2.4.13

defenestrar os demônios


a gente vê as pessoas por aí e nem imagina quantos demônios carregam consigo. quanta angústia cabe num ser humano? por que sempre respondemos que sim, está tudo bem? há um tratado social latente de que todos devemos ser felizes, radiantes, saltitantes. temos que parecer alegres, bem-sucedidos, acordados com padrões estéticos e sintéticos. pessoas em série e devidamente catalogadas, que é pra caber em alguma prateleira deste infinito lugar-comum.

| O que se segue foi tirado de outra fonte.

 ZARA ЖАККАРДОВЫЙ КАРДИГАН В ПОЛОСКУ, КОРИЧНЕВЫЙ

não há espaço para a tristeza. ninguém quer saber de gente triste. eu, que respeito minhas tristezas e nasci uma manteiga derretida, nunca entendi direito este pudor com as lágrimas. chorar sempre me fez bem. alguns mililitros e pronto! recomeço tudo de novo, desoprimida, leve, satisfeita. e não tenho vergonha nenhuma. verto meus sentimentos em qualquer lugar, é só sentir vontade. assistindo a um filme ou mirando a lua cheia. conversando com o namorado, lendo um romance, abraçando a mãe...

tem gente que acha muito estranho, mas pensa comigo: a vida é tão desproposita, por que eu não estaria em desordem? entre certezas e dúvidas, sempre fico com as segundas. claro que disponho de meia dúzia de convicções. são elas que me fazem levantar da cama todos os dias e seguir adiante. acredito na capacidade que temos de transformar o meio, de aprender e compartilhar conhecimentos e sensações. acredito no amor, na solidariedade.

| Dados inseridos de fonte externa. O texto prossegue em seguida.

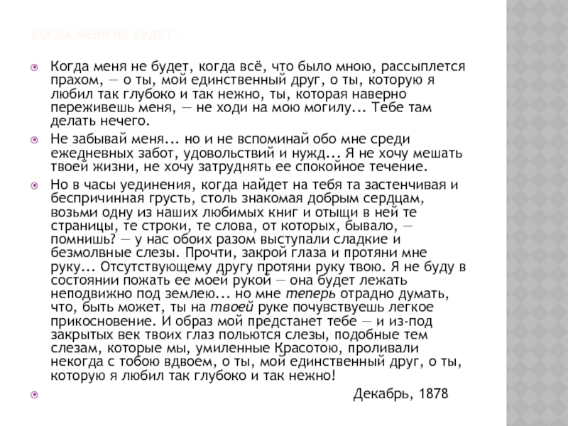 о ты, которую я любил так глубоко и так нежно, ты, которая наверно переживешь меня, — не ходи на мою могилу... Тебе там делать нечего.

mas fico me perguntando: será que este nosso recato execessivo acerca da sensibilidade não está no fato de que somos todos uns carentes? talvez nos envergonhemos tanto disso que acabamos por inventar escapes e criar inúmeras defesas. temos medo e, por isso, ficamos acuados. logo, é mais seguro que o outro não saiba das nossas fraquezas.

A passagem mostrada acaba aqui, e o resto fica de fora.